Emevi halifelerinin beşincisi. 646 (H. 26) yılında doğdu. Babası Mervan bin Hakem, annesi Aişe binti Muaviye bin Muğire’dir. Hazret-i Muaviye zamanında 16 yaşındayken Medine Divanı reisliğine tayin edildi. Uzun yıllar bu görevde kaldı. Babasının ölümünden sonra Şam hilafet makamına geçti. Ancak halifeliğini yalnız Suriye ve Mısır eyaletleri tanıdı. Bu sırada Şiileri etrafına toplayarak isyan eden Muhtar’üs-Sekafi ve Mekke’de hüküm sürmekte olan Abdullah bin Zübeyr, kendini halife olarak tanımadılar. Muhtar’ı, Abdullah bin Zübeyr’in kardeşi Mus’ab, Muhalleb bin Ebu Sufra ile birleşerek ortadan kaldırdı. Abdülmelik, Abdullah bin Zübeyr’i ve haricileri de meşhur Haccac vasıtasıyla bertaraf etti. Böylece bütün İslam memleketlerine hakim oldu. Devrinde, Bizanslılarla uğraşıp, Musa bin Nusayr, Tarık bin Ziyad gibi komutanlar vasıtasıyla Kuzey Afrika ve İspanya’da fetihleri devam ettirdi. Abdülmelik’in oğlu Abdullah 701 yılında Erzurum’u, ertesi sene Darende’yi fethetti. Böylece yapılan fetihlerle Abdülmelik, İslam ülkelerini, doğuda Hindistan’a, batıda İspanya içlerine kadar genişletti.

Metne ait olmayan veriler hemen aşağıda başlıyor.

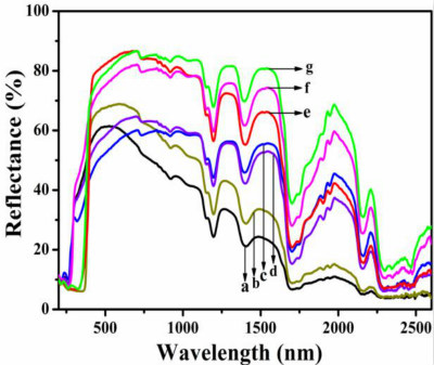 图2. ASA及其杂化材料的太阳光反射图谱: (a) 纯ASA, (b) ASA/ZnO, (c) ASA/CaMoO4, (d) ASA/Y2O3, (e) ASA/TiO2, (f) ASA/Sb2O3, (g) ASA/BaTiO3
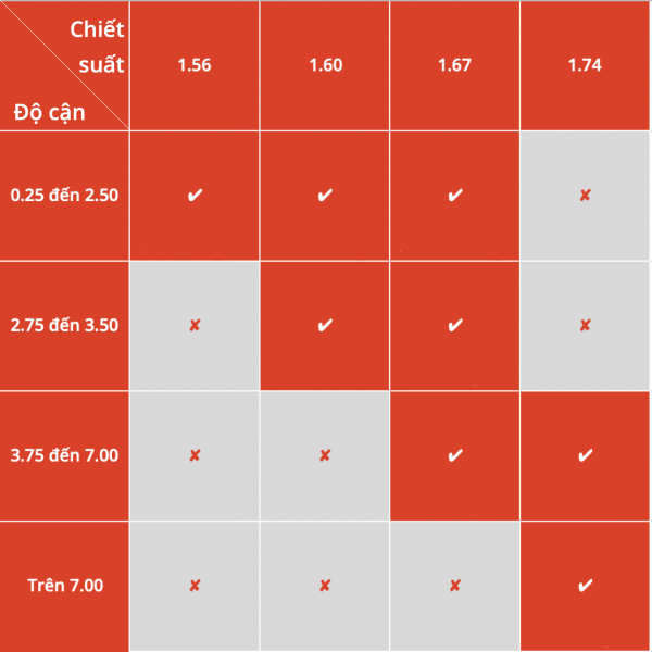 Độ cận từ trên 7.00 nên dùng chiết suất 1.74; độ cận từ 3.75 đến 7.00 nên dùng chiết suất 1.67 hoặc 1.74; độ cận từ 2.75 đến 3.50 nên dùng chiết suất 1.60 hoặc 1.67. Với người cận nhẹ từ 0.25 đến 2.50 có thể dùng chiết suất 1.56, 1.60 hay 1.67 tuỳ nhu cầu.
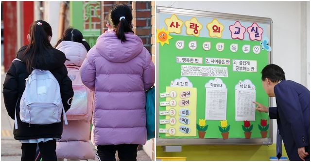 (왼쪽)25일 오전 서울 시내의 한 초등학교에 돌봄이 필요한 맞벌이 가정 등의 아이들이 등교하고 있다. (오른쪽)윤석열 대통령이 지난해 7월 3일 오후 방과 후 교육 활동·돌봄을 제공하는 늘봄학교 시범학교인 경기 수원초등학교를 찾아 교실에 붙어있는 식단표를 살펴보고 있다. / 뉴스1, 대통령실 제공-뉴스1
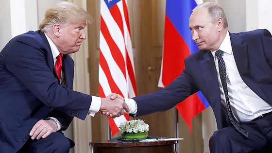 2018년 7월 16일(현지시간) 핀란드 헬싱키 대통령궁에서 도널드 트럼프(왼쪽) 미국 대통령과 블라디미르 푸틴 러시아 대통령이 회담을 시작하며 악수를 하고 있다. AP=연합뉴스 |
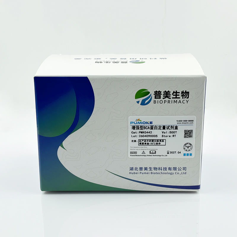 增強型BCA蛋白定量試劑盒的原理是蛋白質分子中肽鍵結構在堿性條件下將二價銅離子還原為一 價銅離子,一價銅離子與BCA分子形成紫色絡合物。
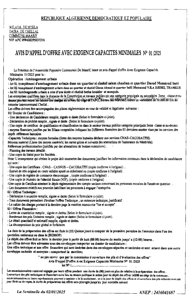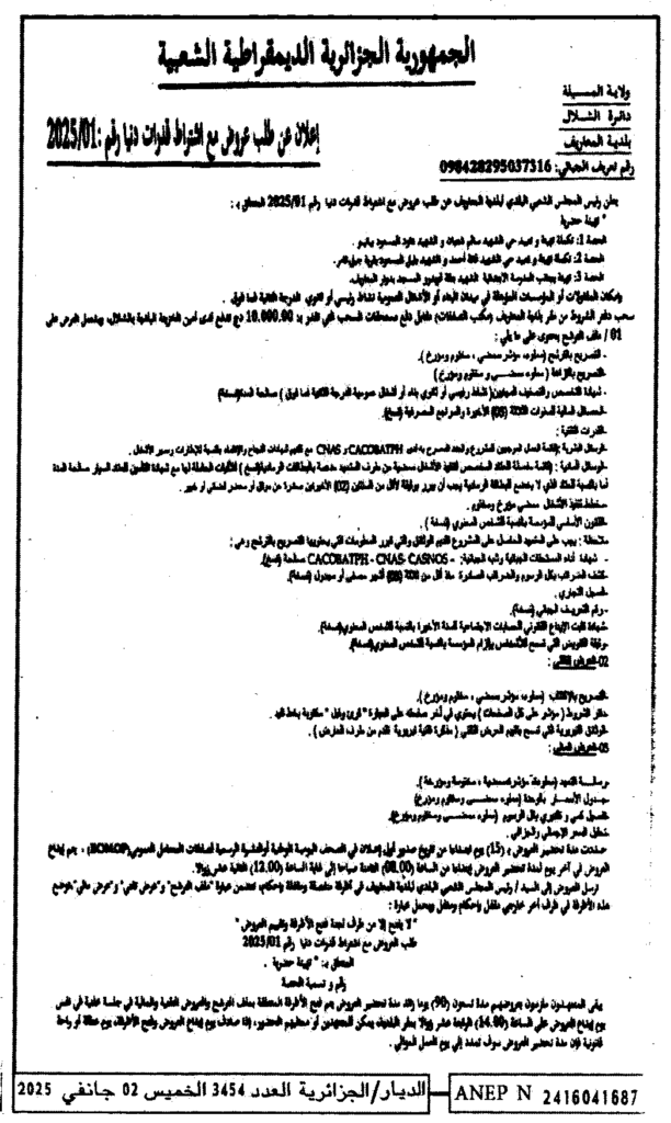 إعلان عن طلب عروض 2025/01 بلدية المعاريف
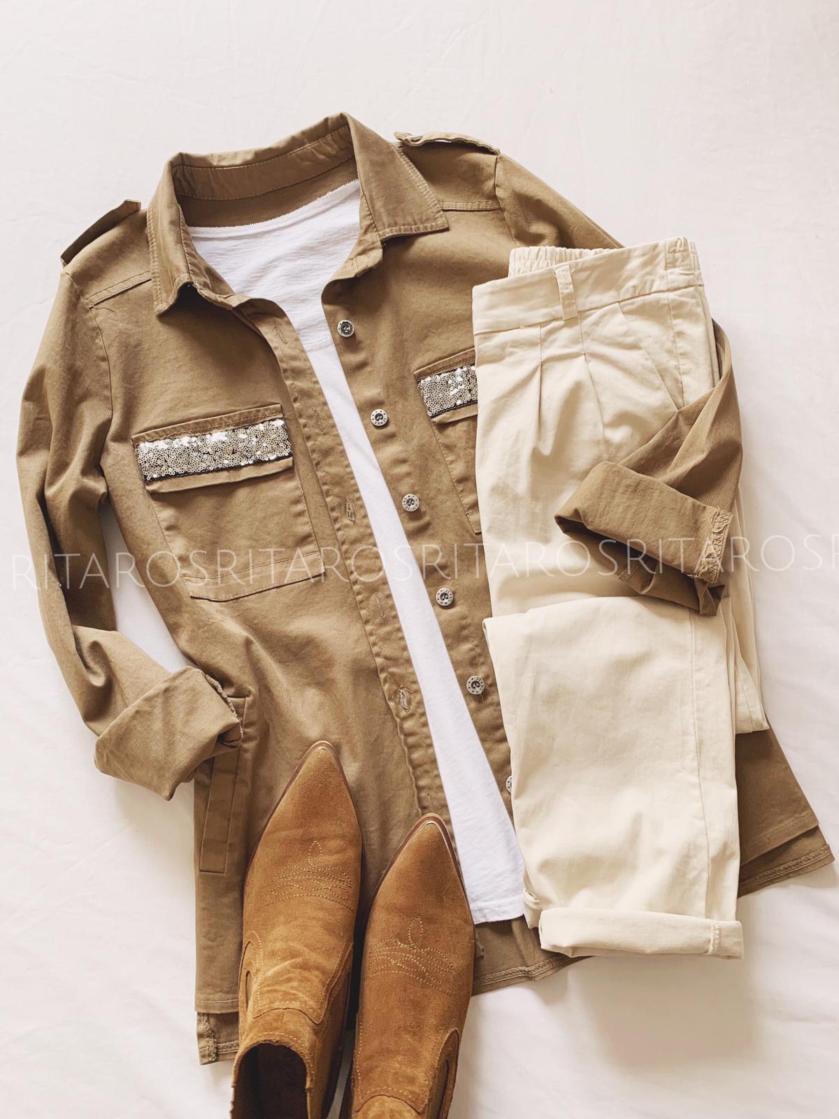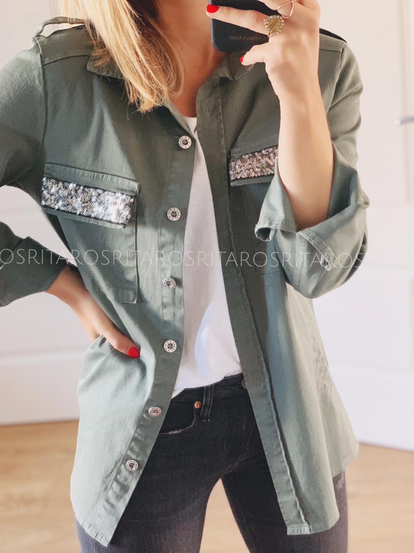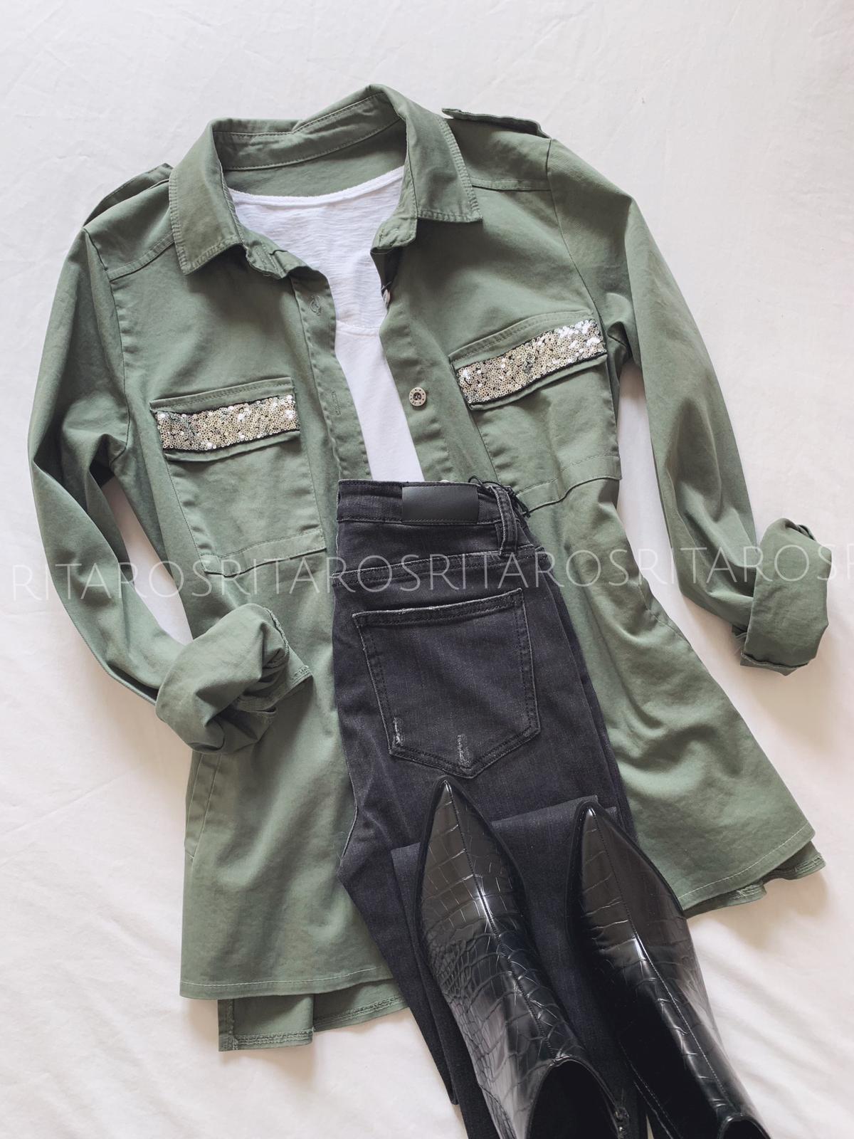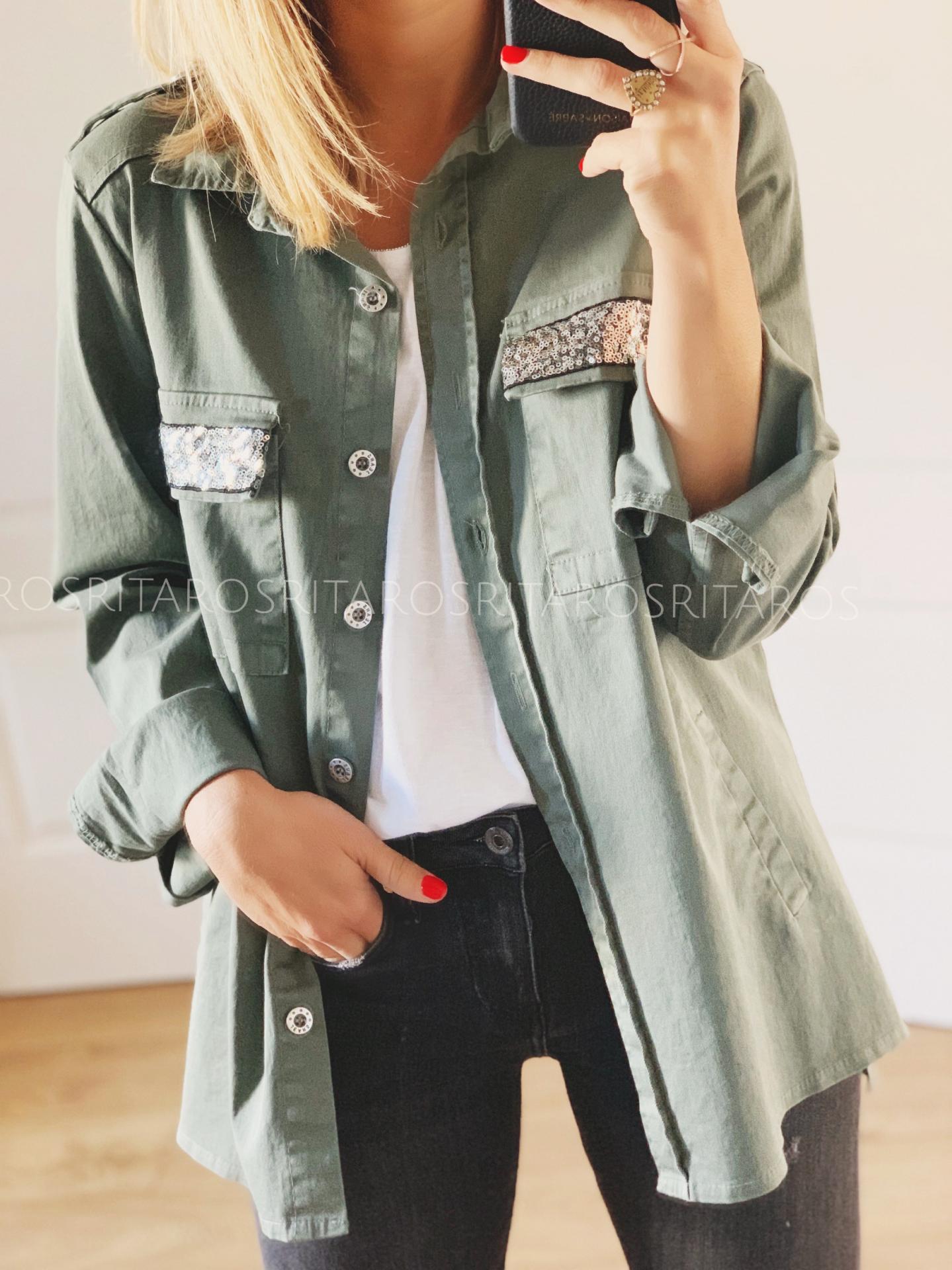Sobrecamisa de manga larga, corte recto y bolsillos con detalle lentejuelas. Tiene elástico.

Abdülmelik, 21 sene hükümet sürüp 705 (H. 86) yılında vefat etti. Yerine oğlu Velid geçti.
Abdülmelik devrinde bir çok önemli işler yapıldı. İç muharebeler sebebiyle hasar gören Ka’be tamir edilerek bugünkü şekli verildi. İlk defa olarak, Arapça yazılı paralar basıldı. Devlet dairelerinde Arapçadan başka dil kullanılması yasaklandı. Posta ve haberleşme teşkilatları ıslah edildi. Din alimlerine önemli mevkiler verilerek ilmi çalışmaların gelişmesine yardımcı olundu. Farisi birçok divan Arabiye tercüme edildi. Birçok bayındırlık eserleri yapıldı.
Abdülmelik, ilmi ile amil, dini vecibelerini yerine getiren bir hükümdardı. Fıkıh, tefsir ve diğer din ilimlerinde söz sahibiydi. Rivayet edilir ki: Abdullah bin Ömer’e sordular:
“Sizler vefat ettikten sonra fıkhi meseleleri kime soralım?”
İbni Ömer; “Abdülmelik bin Mervan’a sorarsınız.” diye cevab verdi.
Halife Abdülmelik vefat ettiğinde oğlu Velid’e, Atlas Okyanusundan Ceyhun Nehrine kadar uzanan siyasi, askeri ve idari bakımdan sağlam bir devlet bırakmıştı.